Mike Johnston, head of the Dairy Council for Northern Ireland, welcomed London’s recognition that there is no “one size fits all” approach.

But he said the worst-case scenario bill could mean “we would just have to stop buying grain” from Great Britain. The industry buys 400,000 tonnes a year, so “UK cereal farmers could lose out . . . there’s a lot hanging on this”.

UK officials were divided over the extent of the potential crisis. One said there were “misconceptions out there” and that industries selling into the bloc would continue with EU regulations.

But another said: “There’s obviously no fix. They’re stuffed. The dual regulatory regime can never work for agri.”

Dairy farmers said the risks were very real. The UK in 2021 authorised the use of an EU-banned insecticide, although London says it was not used in the end, and UK standards on gene editing are diverging from EU rules.

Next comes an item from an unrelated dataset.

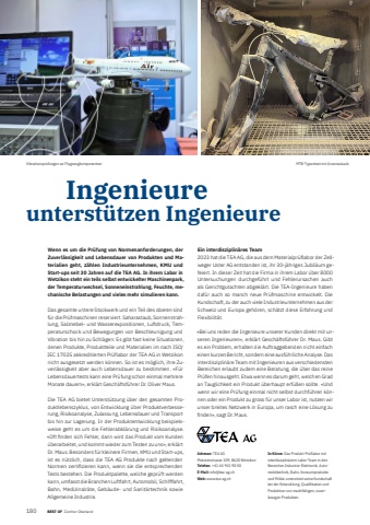 180 BEST OF BEST OF Portrait xxx Z%u00fcrcher OberlandAdresse: TEA AGMotorenstrasse 109, 8620 WetzikonTelefon: +41 44 941 90 50E-Mail: info@tea-ag.ch Web: www.tea-ag.ch In K%u00fcrze: Das Produkt-Pr%u00fcflabor mit interdisziplin%u00e4rem Labor-Team in den Bereichen Industrie-Elektronik, Automobiltechnik, Bahn, Konsumprodukte und Milit%u00e4r unterst%u00fctzt seine Kundschaft bei der Entwicklung, Qualifi kation und Produktion von marktf%u00e4higen, zuverl%u00e4ssigen Produkten. Ingenieure unterst%u00fctzen IngenieureWenn es um die Pr%u00fcfung von Normenanforderungen, der Zuverl%u00e4ssigkeit und Lebensdauer von Produkten und Materialien geht, z%u00e4hlen Industrieunternehmen, KMU und Start-ups seit 30 Jahren auf die TEA AG. In ihrem Labor in Wetzikon steht ein teils selbst entwickelter Maschinenpark, der Temperaturwechsel, Sonneneinstrahlung, Feuchte, mechanische Belastungen und vieles mehr simulieren kann.Das gesamte untere Stockwerk und ein Teil des oberen sind f%u00fcr die Pr%u00fcfmaschinen reserviert. Saharastaub, Sonnenstrahlung, Salznebel- und Wasserexpositionen, Luftdruck, Temperaturschock und Bewegungen von Beschleunigung und Vibration bis hin zu Schl%u00e4gen: Es gibt fast keine Situationen, denen Produkte, Produktteile und Materialien im nach ISO/IEC 17025 akkreditierten Pr%u00fcflabor der TEA AG in Wetzikon nicht ausgesetzt werden k%u00f6nnen. So ist es m%u00f6glich, ihre Zuverl%u00e4ssigkeit aber auch Lebensdauer zu bestimmen. %u00abF%u00fcr Lebensdauertests kann eine Pr%u00fcfung schon einmal mehrere Monate dauern%u00bb, erkl%u00e4rt Gesch%u00e4ftsf%u00fchrer Dr. Oliver Maus.Die TEA AG bietet Unterst%u00fctzung %u00fcber den gesamten Produktlebenszyklus, von Entwicklung %u00fcber Produktverbesserung, Risikoanalyse, Zulassung, Lebensdauer und Transport bis hin zur Lagerung. In der Produktentwicklung beispielsweise geht es um die Fehlerabkl%u00e4rung und Risikoanalyse. %u00abOft fi nden sich Fehler, dann wird das Produkt vom Kunden %u00fcberarbeitet, und kommt wieder zum Testen zu uns%u00bb, erkl%u00e4rt Dr. Maus. Besonders f%u00fcr kleinere Firmen, KMU und Start-ups, ist es n%u00fctzlich, dass die TEA AG Produkte nach geltenden Normen zertifi zieren kann, wenn sie die entsprechenden Tests bestehen. Die Produktpalette, welche gepr%u00fcft werden kann, umfasst die Branchen Luftfahrt, Automobil, Schifffahrt, Bahn, Medizinalr%u00e4te, Geb%u00e4ude- und Sanit%u00e4rtechnik sowie Allgemeine Industrie. Ein interdisziplin%u00e4res Team2023 hat die TEA AG, die aus dem Materialpr%u00fcflabor der Zellweger Uster AG entstanden ist, ihr 30-j%u00e4hriges Jubil%u00e4um gefeiert. In dieser Zeit hat die Firma in ihrem Labor %u00fcber 8000 Untersuchungen durchgef%u00fchrt und Fehlerursachen auch als Gerichtgutachten abgekl%u00e4rt. Die TEA-Ingenieure haben daf%u00fcr auch so manch neue Pr%u00fcfmaschine entwickelt. Die Kundschaft, zu der auch viele Industrieunternehmen aus der Schweiz und Europa geh%u00f6ren, sch%u00e4tzt diese Erfahrung und Flexibilit%u00e4t.%u00abBei uns reden die Ingenieure unserer Kunden direkt mit unseren Ingenieuren%u00bb, erkl%u00e4rt Gesch%u00e4ftsf%u00fchrer Dr. Maus. Gibt es ein Problem, erhalten die Auftraggebenden nicht einfach einen kurzen Bericht, sondern eine ausf%u00fchrliche Analyse. Das interdisziplin%u00e4re Team mit Ingenieuren aus verschiedensten Bereichen erlaubt zudem eine Beratung, die %u00fcber das reine Pr%u00fcfen hinausgeht. Etwa wenn es darum geht, welchen Grad an Tauglichkeit ein Produkt %u00fcberhaupt erf%u00fcllen sollte. %u00abUnd wenn wir eine Pr%u00fcfung einmal nicht selbst durchf%u00fchren k%u00f6nnen oder ein Produkt zu gross f%u00fcr unser Labor ist, nutzen wir unser breites Netzwerk in Europa, um rasch eine L%u00f6sung zu fi nden%u00bb, sagt Dr. Maus.Vibrationspr%u00fcfungen an Flugzeugkomponenten MTB-Typentest mit Arizonastaub

Charlie Weir, another farmer in County Armagh, regretted voting to leave the EU “because it’s just been one lie after another” from London. “Why, if the protocol is so bad, is Northern Ireland the only region in the UK that in the first quarter has grown?” he said.

“We could be left with higher costs and lower prices,” said another Armagh farmer who voted to stay in the EU and asked not to be named because of deep, enduring divisions in the region.

“The protocol is unbelievably good for Northern Ireland — it’s just the best of both worlds,” he said.